Just what constituted an “all-star cast,” one of the key ingredients of the roadshow phenomenon of the 1960s, was open to question. While The Longest Day (1962) boasted stars of the pedigree of John Wayne, Robert Mitchum, Richard Burton and Sean Connery, it was also liberally sprinkled with actors of no marquee value. David Lean in Lawrence of Arabia (1962) had loaded his film with the likes of Oscar winners Alec Guinness, Anthony Quinn and Jose Ferrer to offset unknowns Peter O’Toole and Omar Sharif as the leads. While The Great Race (1965) could boast Jack Lemmon, Tony Curtis and Natalie Wood, It’s A Mad, Mad, Mad, Mad World (1963) only had Spencer Tracy amid a host of television comedians.
But none of the stars of Those Magnificent Men in Their Flying Machines (1964) had successfully opened a major picture. Of the Battle of the Bulge contingent only Henry Fonda could truly be called a current star, although his box office star had considerable dimmed since the days of The Grapes of Wrath (1939) and Fort Apache (1948). Former stars Robert Ryan and Dana Andrews were now supporting actors, Ty Hardin was best known for television, Charles Bronson (The Great Escape, 1963) had not achieved top billing and while James MacArthur had done so that was in youth-oriented movies. Initially, Italian prospect Pier Angeli (Sodom and Gomorrah, 1962) was announced as “the only principal female role” – playing a Frenchwoman – for a touching scene showing the effect of war on innocent women caught up in the conflict.
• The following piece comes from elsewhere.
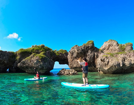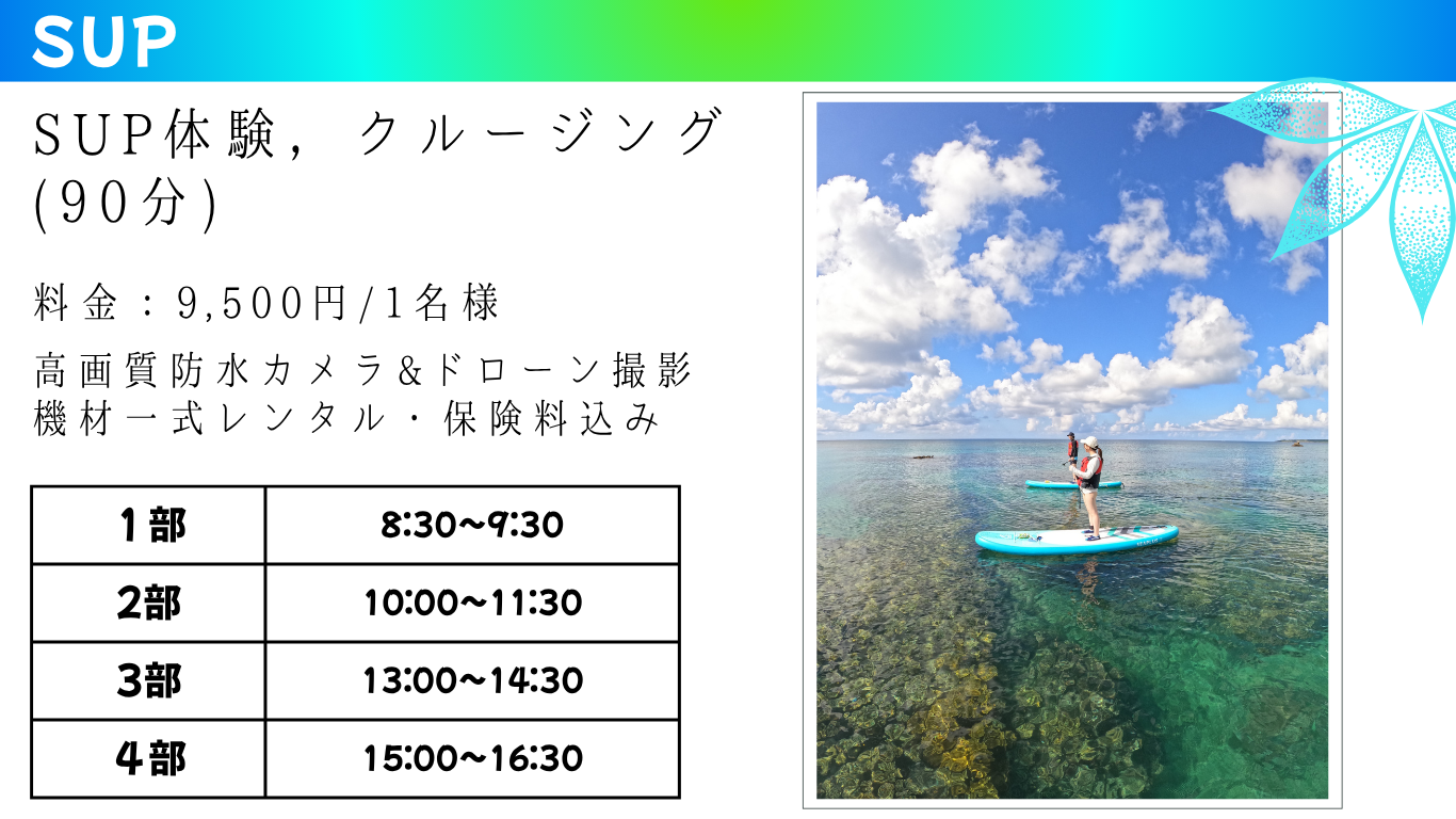 ・水難救助員、宮古島SUP協会公認インストラクターの資格を持つ2人のガイドがお供します。

Just before filming was about to start, Fleischer pulled out, citing differences of opinion with the producers. Yordan turned to British director Ken Annakin, who had helmed the British sequences in The Longest Day and Those Magnificent Men in Their Flying Machines. There was soon a double whammy. Realizing he was losing ground, and hoping to sabotage its progress, Larrazino sued WB for $1 million, claiming that “another film, less accurate, would be confused with his picture.” Just as filming of the Battle of the Bulge got underway in January 1965, it was hit by a temporary restraining order. While failing to shut down the production, it imposed a marketing blockade. WB was prevented from publicising its picture, a potentially major blow given how dependent big budget roadshows were on advance bookings which could only be generated by advance publicity.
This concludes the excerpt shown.